When water is poured into the pipe, it effectively shortens the length of the resonating air column, thereby increasing its fundamental frequency. The volume of the water added can be calculated from the change in the length of the air column and the cross-sectional area. The mass can then be found using the density of water (\(\rho_{water} = 1 \, \text{g/cm}^3\)).

\[ \text{Volume} = \text{Area} \times \text{Height} \] \[ \text{Mass} = \text{Volume} \times \text{Density} \]

Step-by-Step Solution:

Step 1: Calculate the initial length of the air column (\(L_1\)).

The initial fundamental frequency is \(f_1 = 30 \, \text{Hz}\), and the speed of sound is \(v = 330 \, \text{m/s}\). Using the formula for the fundamental frequency:

\[ L_1 = \frac{v}{4f_1} \] \[ L_1 = \frac{330 \, \text{m/s}}{4 \times 30 \, \text{Hz}} = \frac{330}{120} \, \text{m} = 2.75 \, \text{m} \]

This is the initial length of the organ pipe.

Step 2: Calculate the new length of the air column (\(L_2\)) after adding water.

The new fundamental frequency is \(f_2 = 110 \, \text{Hz}\).

\[ L_2 = \frac{v}{4f_2} \] \[ L_2 = \frac{330 \, \text{m/s}}{4 \times 110 \, \text{Hz}} = \frac{330}{440} \, \text{m} = \frac{3}{4} \, \text{m} = 0.75 \, \text{m} \]

This is the length of the air column remaining after the water has been poured in.

Step 3: Determine the height of the water column in the pipe.

The reduction in the length of the air column is due to the water that has been poured in. Therefore, the height of the water column (\(h_{water}\)) is the difference between the initial and final lengths of the air column.

\[ h_{water} = L_1 - L_2 = 2.75 \, \text{m} - 0.75 \, \text{m} = 2.0 \, \text{m} \]

Step 4: Calculate the volume of the water poured into the pipe.

The cross-sectional area is given as \(A = 2 \, \text{cm}^2\).
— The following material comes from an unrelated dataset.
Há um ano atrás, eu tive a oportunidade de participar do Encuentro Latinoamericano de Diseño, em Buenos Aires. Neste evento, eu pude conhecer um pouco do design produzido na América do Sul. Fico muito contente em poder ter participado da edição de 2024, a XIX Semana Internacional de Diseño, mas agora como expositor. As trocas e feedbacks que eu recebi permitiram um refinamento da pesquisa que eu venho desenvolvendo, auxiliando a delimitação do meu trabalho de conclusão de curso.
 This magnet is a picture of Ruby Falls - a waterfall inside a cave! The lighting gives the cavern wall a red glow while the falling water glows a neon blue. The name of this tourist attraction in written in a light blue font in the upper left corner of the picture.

It is convenient to convert the height of the water to centimeters.

\[ h_{water} = 2.0 \, \text{m} = 200 \, \text{cm} \]
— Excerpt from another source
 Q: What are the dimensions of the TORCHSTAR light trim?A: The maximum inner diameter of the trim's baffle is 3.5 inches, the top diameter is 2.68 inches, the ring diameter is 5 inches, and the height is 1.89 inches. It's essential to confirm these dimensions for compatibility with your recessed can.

The volume of the water is:

\[ V_{water} = A \times h_{water} = (2 \, \text{cm}^2) \times (200 \, \text{cm}) = 400 \, \text{cm}^3 \]

Final Computation & Result:

Step 5: Calculate the mass of the water.

The density of water is \(\rho_{water} = 1 \, \text{g/cm}^3\).

\[ \text{Mass} = \text{Volume} \times \text{Density} \] \[ m_{water} = 400 \, \text{cm}^3 \times 1 \, \text{g/cm}^3 = 400 \, \text{g} \]

The amount of water poured into the organ tube is 400 g.

Answer 2

Step 1: Calculate the Initial Length of Air Column:

For a closed organ pipe, the fundamental frequency is given by:

f = V / 4ℓ₁

where f = 30 Hz and V = 330 m/s.

Solving for ℓ₁:

ℓ₁ = V / 4 × f = 330 / (4 × 30) = 330 / 120 = 11 / 4 m = 2.75 m

Step 2: Calculate the New Length of Air Column:

When the frequency increases to 110 Hz:

f' = V / 4ℓ₂

Solving for ℓ₂:

ℓ₂ = V / 4 × f' = 330 / (4 × 110) = 330 / 440 = 3 / 4 m = 0.75 m

Step 3: Determine the Change in Length:

Δℓ = ℓ₁ - ℓ₂ = 2.75 - 0.75 = 2 m

Step 4: Calculate the Volume of Water Added:

The volume of water added corresponds to the volume of the air column displaced:

Change in volume = A × Δℓ = 2 cm² × 200 cm = 400 cm³

Step 5: Convert Volume to Mass:

Given that the density of water ρ = 1 g/cm³:

M = ρ × Volume = 1 × 400 = 400 g